Listed entries:

───

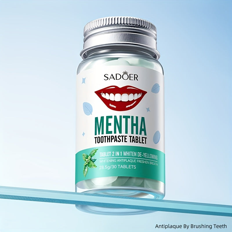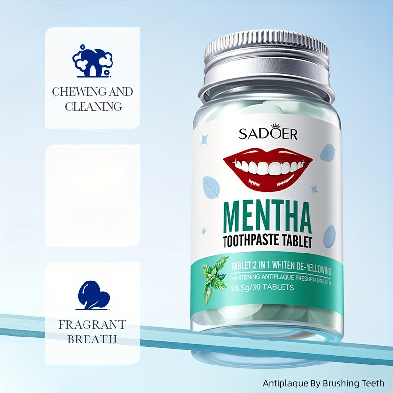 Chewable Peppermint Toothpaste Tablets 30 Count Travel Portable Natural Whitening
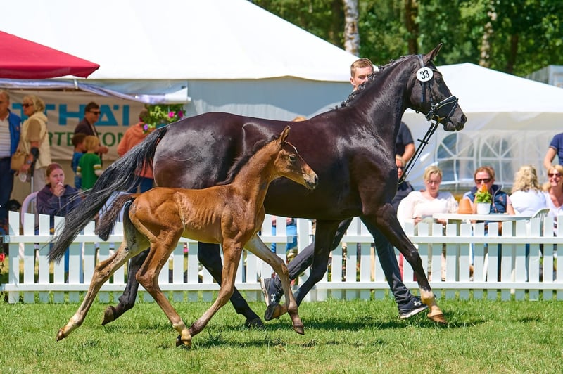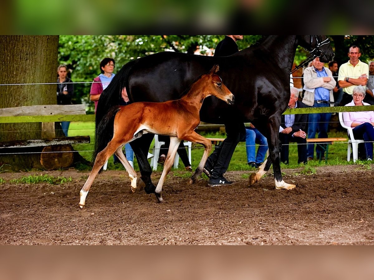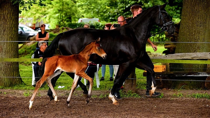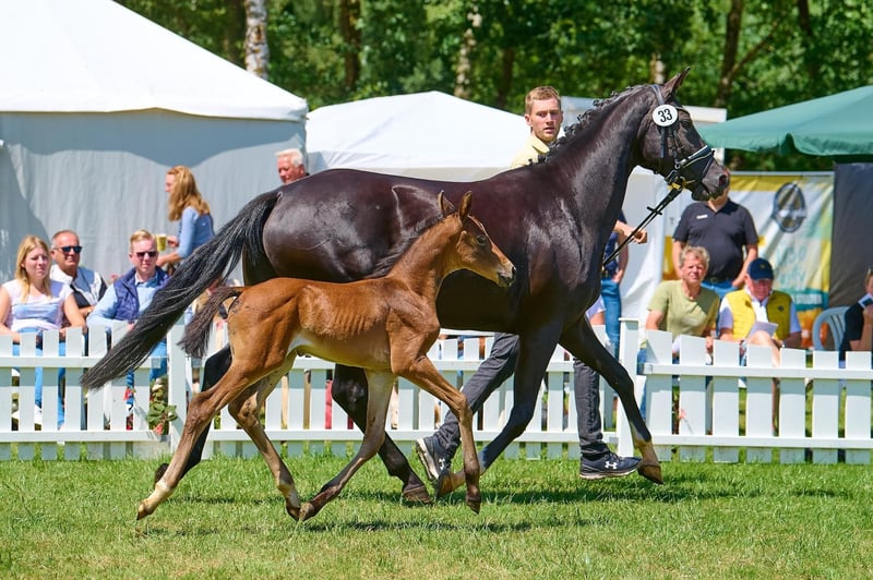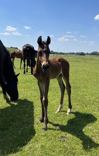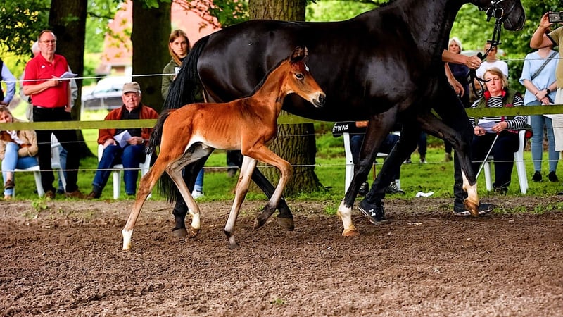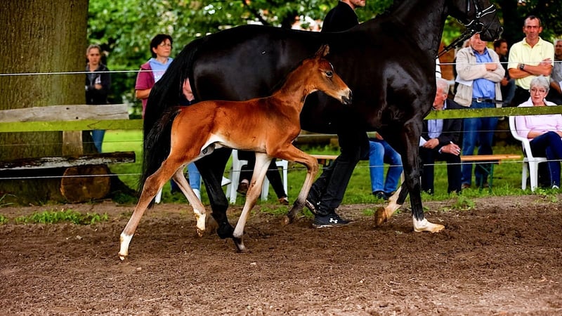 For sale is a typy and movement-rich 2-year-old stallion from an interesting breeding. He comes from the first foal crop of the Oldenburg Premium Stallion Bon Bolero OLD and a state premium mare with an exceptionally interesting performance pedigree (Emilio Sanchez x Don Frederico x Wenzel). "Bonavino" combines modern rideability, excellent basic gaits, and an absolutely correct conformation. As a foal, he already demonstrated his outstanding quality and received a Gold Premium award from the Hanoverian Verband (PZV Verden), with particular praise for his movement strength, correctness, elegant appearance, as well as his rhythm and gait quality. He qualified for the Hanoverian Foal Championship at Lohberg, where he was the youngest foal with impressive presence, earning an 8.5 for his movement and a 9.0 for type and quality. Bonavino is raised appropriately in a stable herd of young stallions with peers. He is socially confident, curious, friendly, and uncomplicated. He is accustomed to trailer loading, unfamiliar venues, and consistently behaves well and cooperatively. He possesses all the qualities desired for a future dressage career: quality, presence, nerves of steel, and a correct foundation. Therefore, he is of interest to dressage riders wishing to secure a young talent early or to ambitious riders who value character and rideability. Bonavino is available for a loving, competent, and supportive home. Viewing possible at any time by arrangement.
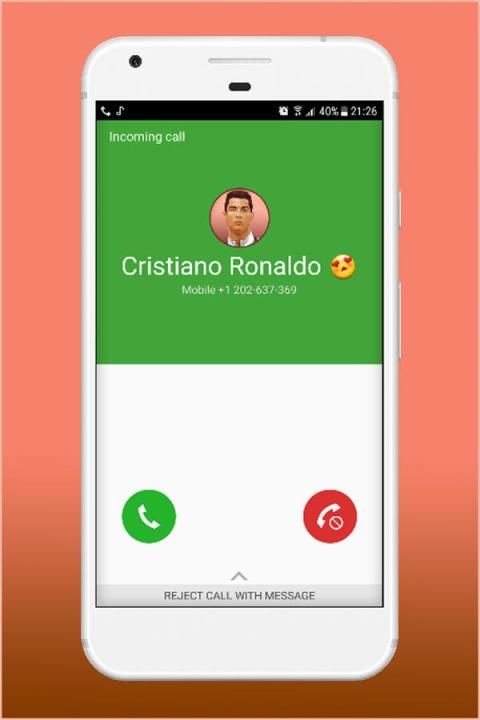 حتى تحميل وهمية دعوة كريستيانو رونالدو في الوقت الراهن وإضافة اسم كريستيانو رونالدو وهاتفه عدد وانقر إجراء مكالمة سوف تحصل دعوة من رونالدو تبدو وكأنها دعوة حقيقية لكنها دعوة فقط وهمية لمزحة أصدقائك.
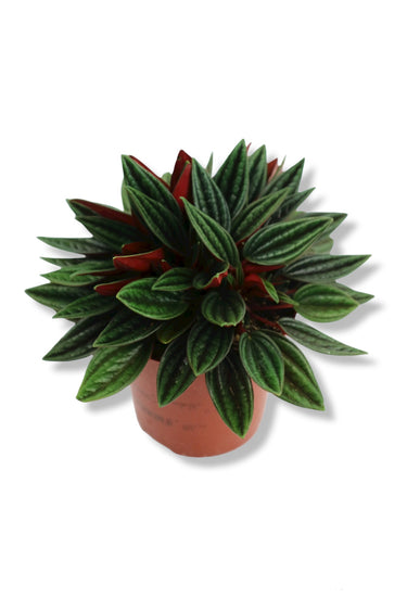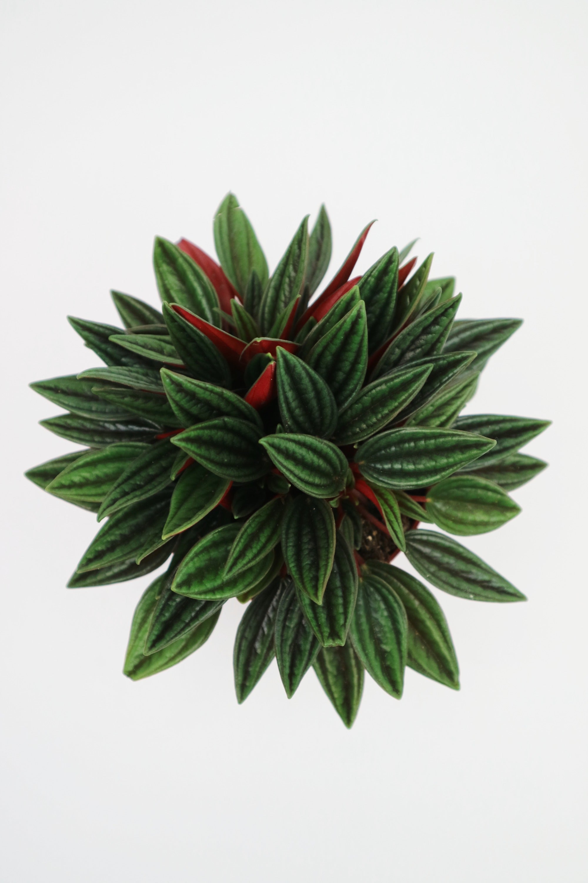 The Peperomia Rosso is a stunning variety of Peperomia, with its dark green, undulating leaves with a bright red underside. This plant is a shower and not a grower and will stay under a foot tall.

───

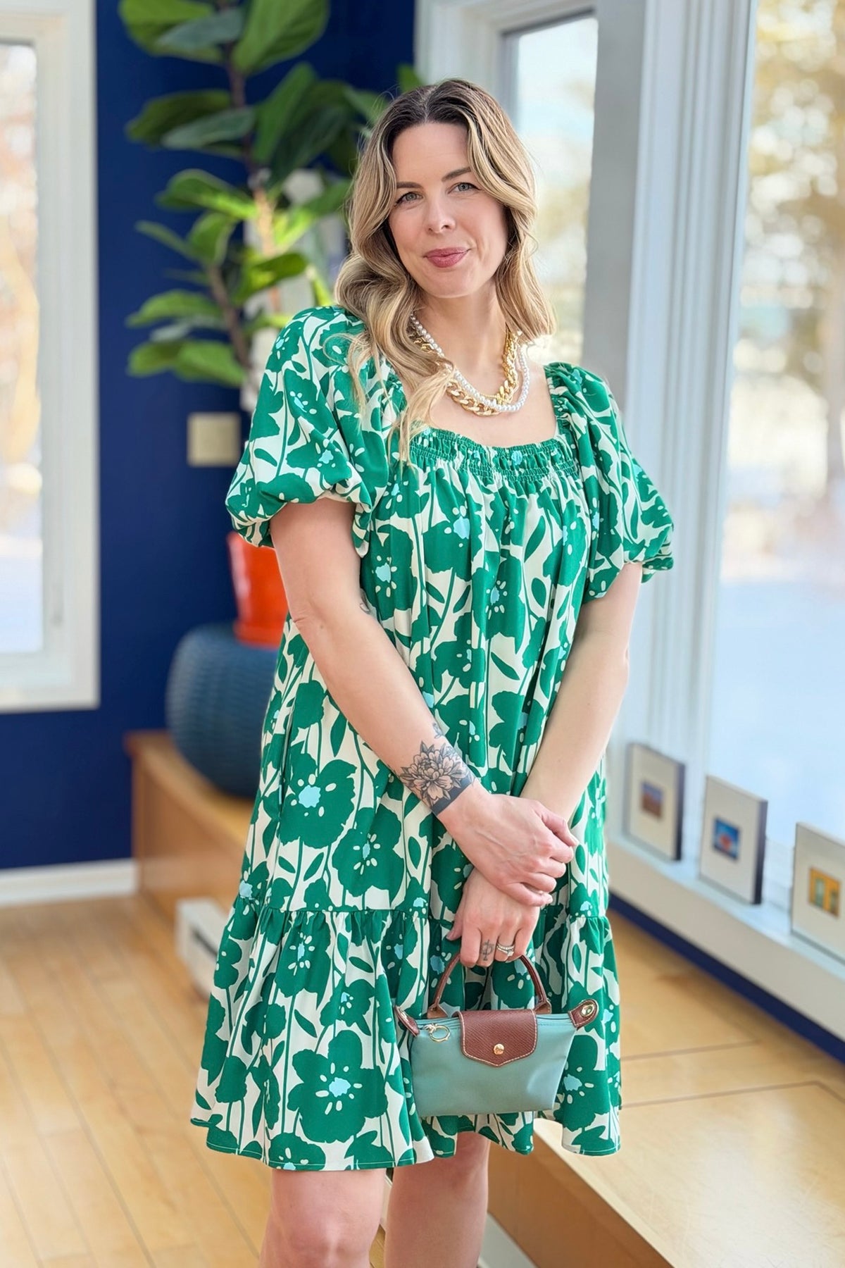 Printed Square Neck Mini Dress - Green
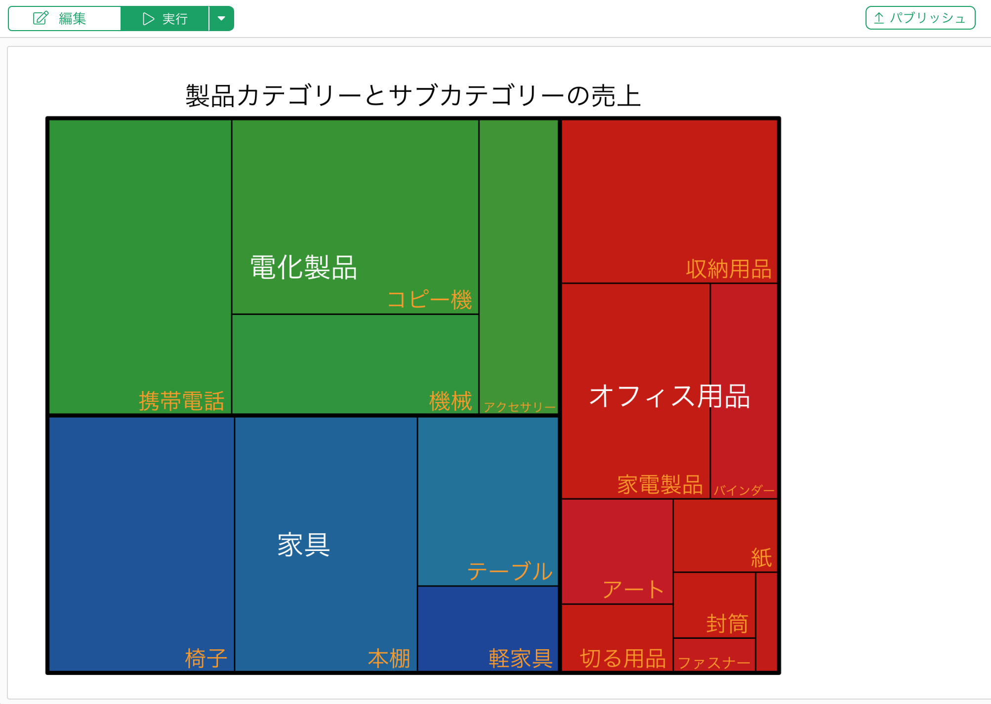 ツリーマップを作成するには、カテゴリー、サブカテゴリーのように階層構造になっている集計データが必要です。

───

What this task involves: Respond with the exact lines above running from the one containing "Chewable Peppermint Toothpaste" to the one containing "حتى تحميل وهمية", both ends kept and no pictures included.

Result of this task:
 Chewable Peppermint Toothpaste Tablets 30 Count Travel Portable Natural Whitening
 For sale is a typy and movement-rich 2-year-old stallion from an interesting breeding. He comes from the first foal crop of the Oldenburg Premium Stallion Bon Bolero OLD and a state premium mare with an exceptionally interesting performance pedigree (Emilio Sanchez x Don Frederico x Wenzel). "Bonavino" combines modern rideability, excellent basic gaits, and an absolutely correct conformation. As a foal, he already demonstrated his outstanding quality and received a Gold Premium award from the Hanoverian Verband (PZV Verden), with particular praise for his movement strength, correctness, elegant appearance, as well as his rhythm and gait quality. He qualified for the Hanoverian Foal Championship at Lohberg, where he was the youngest foal with impressive presence, earning an 8.5 for his movement and a 9.0 for type and quality. Bonavino is raised appropriately in a stable herd of young stallions with peers. He is socially confident, curious, friendly, and uncomplicated. He is accustomed to trailer loading, unfamiliar venues, and consistently behaves well and cooperatively. He possesses all the qualities desired for a future dressage career: quality, presence, nerves of steel, and a correct foundation. Therefore, he is of interest to dressage riders wishing to secure a young talent early or to ambitious riders who value character and rideability. Bonavino is available for a loving, competent, and supportive home. Viewing possible at any time by arrangement.
 حتى تحميل وهمية دعوة كريستيانو رونالدو في الوقت الراهن وإضافة اسم كريستيانو رونالدو وهاتفه عدد وانقر إجراء مكالمة سوف تحصل دعوة من رونالدو تبدو وكأنها دعوة حقيقية لكنها دعوة فقط وهمية لمزحة أصدقائك.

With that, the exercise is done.